PROBLEM TO SOLVE: Copy only the lines from the one containing "Women's Neutrals Loretta" through the final line of the records below, exactly as written, with no pictures.

RECORDED INFORMATION:
[Start of Attachment]
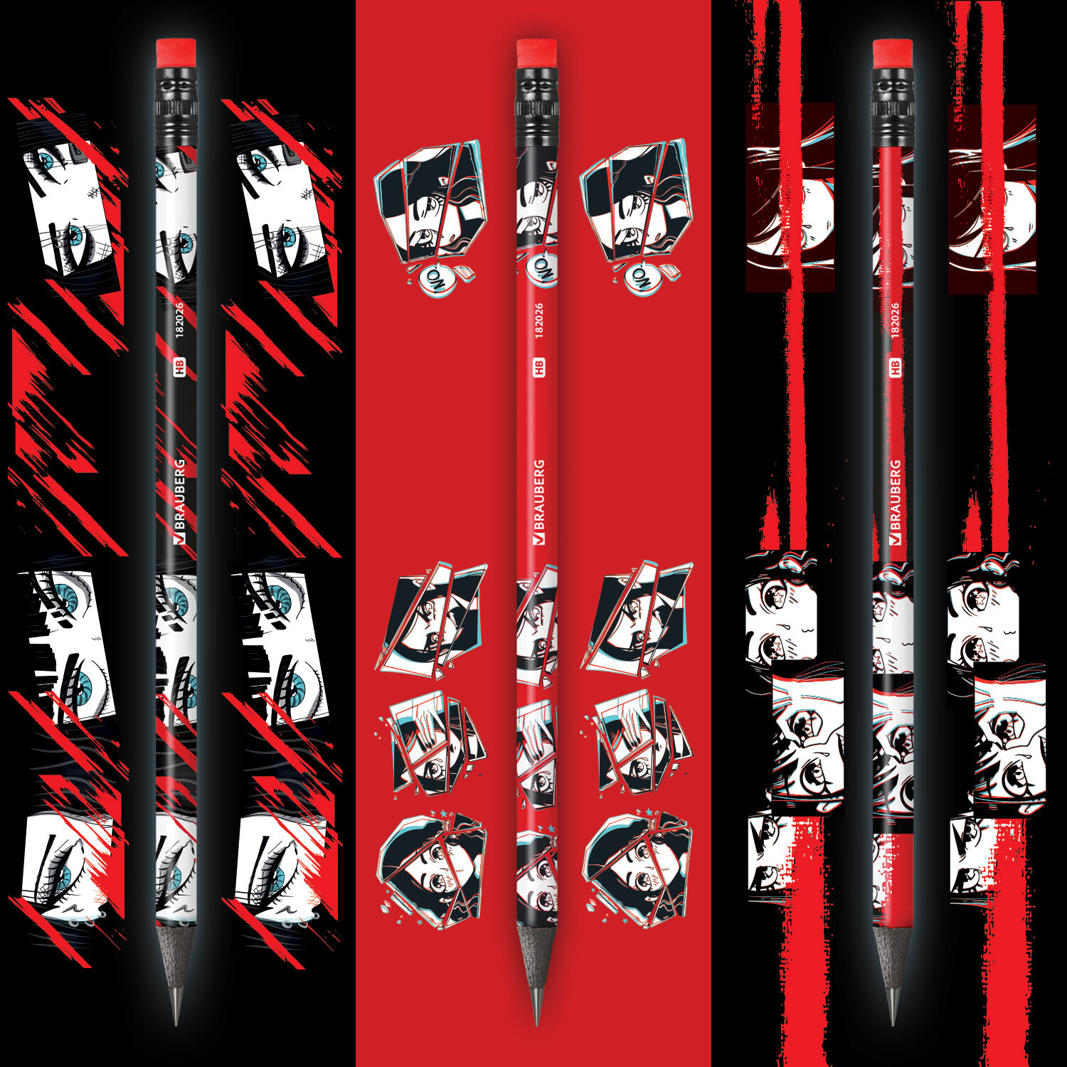Карандаш чернографитный с принтом BRAUBERG "RED ANIME", 1 шт., HB, с ластиком, корпус ассорти Код товара: 182026 11,36 ₽ Купить Производитель:BRAUBERG Карандаш чернографитный BRAUBERG "RED ANIME" – первый помощник при выполнения различных заметок. Позволяет сделать легкий набросок или даже нарисовать полноценную картину. Используется повсеместно. Легко затачивается, максимально устойчив к повреждениям. Изготовлен из пластика высокого качества. Имеет круглое сечение и оснащен красным ластиком. Карандаш длиной 190 мм обладает средней степенью твердости – HB. Корпус представлен в трёх вариантах дизайна с изображением аниме-персонажей. Каждый карандаш имеет индивидуальный штрих-код. Поставляется заточенным в пластиковой тубе по 36 штук.Производство: КитайТвердость: HBЗаточенный: даНаличие ластика: даДиаметр грифеля: 2 ммКоличество карандашей в упаковке: 1 шт.Количество твердостей в наборе: 1Серия: PrintФорма корпуса: круглаяУдаропрочный грифель: даДлина карандаша: 190 ммМатериал корпуса: пластикЦвет корпуса: ассортиДизайн: Red AnimeКоличество дизайнов в упаковке: 3 шт.Упаковка: пластиковая тубаВес: 10 грРазмер упаковки: 0.7 × 18.8 × 0.7 смПромежуточная упаковка: 36 штТранспортная упаковка: 2304 штШтрих-код: 4606224444871 Сертификат-1.jpg Сертификат-2.jpg Сертификат-3.jpg
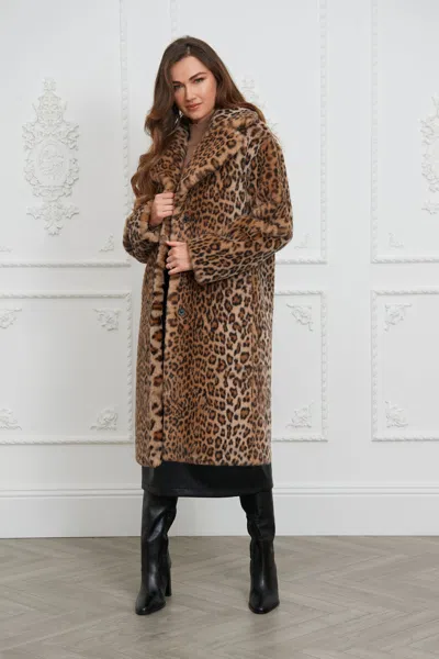 Women's Neutrals Loretta Longline Luxe Faux Fur Coat Leopard In Brown
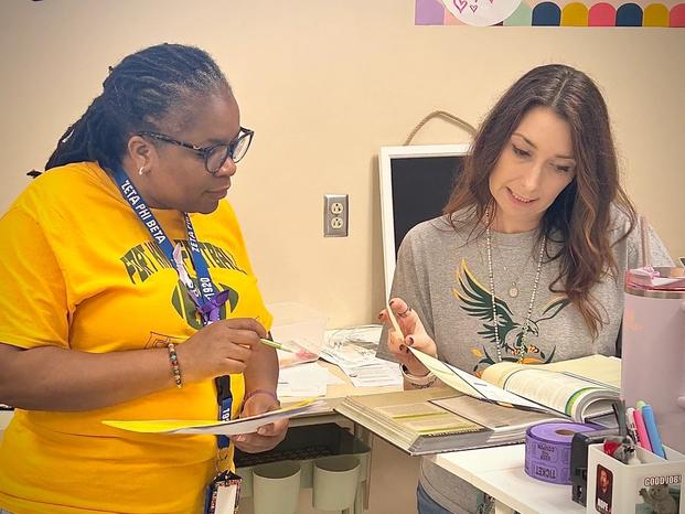 Ms. Cherese Appling, Fort Knox Special Education Teacher and Mrs. Elizabeth Spalding, Fort Knox English Teacher, plan their next lesson in a collaboration session (DVIDS).
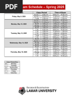day of the week the class meets. For example, a 10:00 MWF class first meets on Monday; therefore, the exam time can be
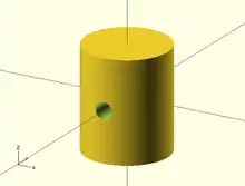 module ring(r1, r2, h) { difference() { cylinder(r = r1, h = h); translate([ 0, 0, -1 ]) cylinder(r = r2, h = h+2); } } ring(5, 4, 10);
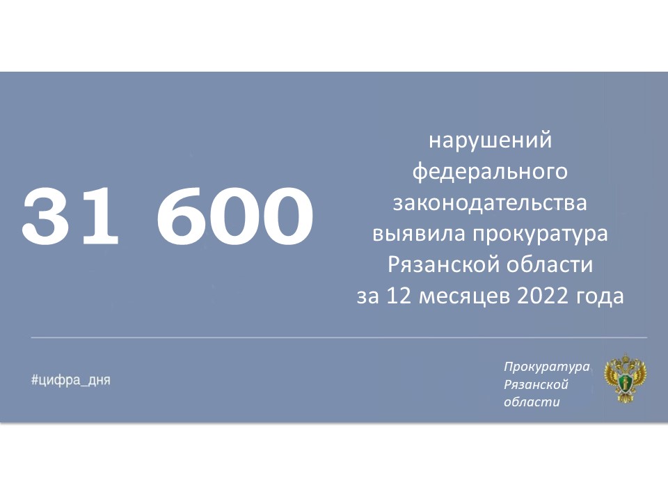 #ЦИФРА_ДНЯ:Основные результаты надзорной деятельности органов прокуратуры Рязанской области за январь-март 2023 года
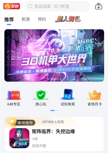 天宇游戏折扣平台,这是一款备受瞩目的手游盒子软件。它犹如一座游戏宝库,汇聚了海量热门且正版的游戏资源,堪称手游下载的绝佳之地。在这里,每一天你都能毫不费力地领取到琳琅满目的游戏折扣福利。无论你对哪一款游戏情有独钟,这个平台都能满足你的需求,各类游戏应有尽有。不仅如此,它还为你提供抢先体验内测游戏的机会。更值得一提的是,新用户只要完成注册,就能领取数额可观的红包!
[End of Attachment]
EXERCISE ANSWER:
 Women's Neutrals Loretta Longline Luxe Faux Fur Coat Leopard In Brown
 Ms. Cherese Appling, Fort Knox Special Education Teacher and Mrs. Elizabeth Spalding, Fort Knox English Teacher, plan their next lesson in a collaboration session (DVIDS).
day of the week the class meets. For example, a 10:00 MWF class first meets on Monday; therefore, the exam time can be
 module ring(r1, r2, h) { difference() { cylinder(r = r1, h = h); translate([ 0, 0, -1 ]) cylinder(r = r2, h = h+2); } } ring(5, 4, 10);
 #ЦИФРА_ДНЯ:Основные результаты надзорной деятельности органов прокуратуры Рязанской области за январь-март 2023 года
 天宇游戏折扣平台,这是一款备受瞩目的手游盒子软件。它犹如一座游戏宝库,汇聚了海量热门且正版的游戏资源,堪称手游下载的绝佳之地。在这里,每一天你都能毫不费力地领取到琳琅满目的游戏折扣福利。无论你对哪一款游戏情有独钟,这个平台都能满足你的需求,各类游戏应有尽有。不仅如此,它还为你提供抢先体验内测游戏的机会。更值得一提的是,新用户只要完成注册,就能领取数额可观的红包!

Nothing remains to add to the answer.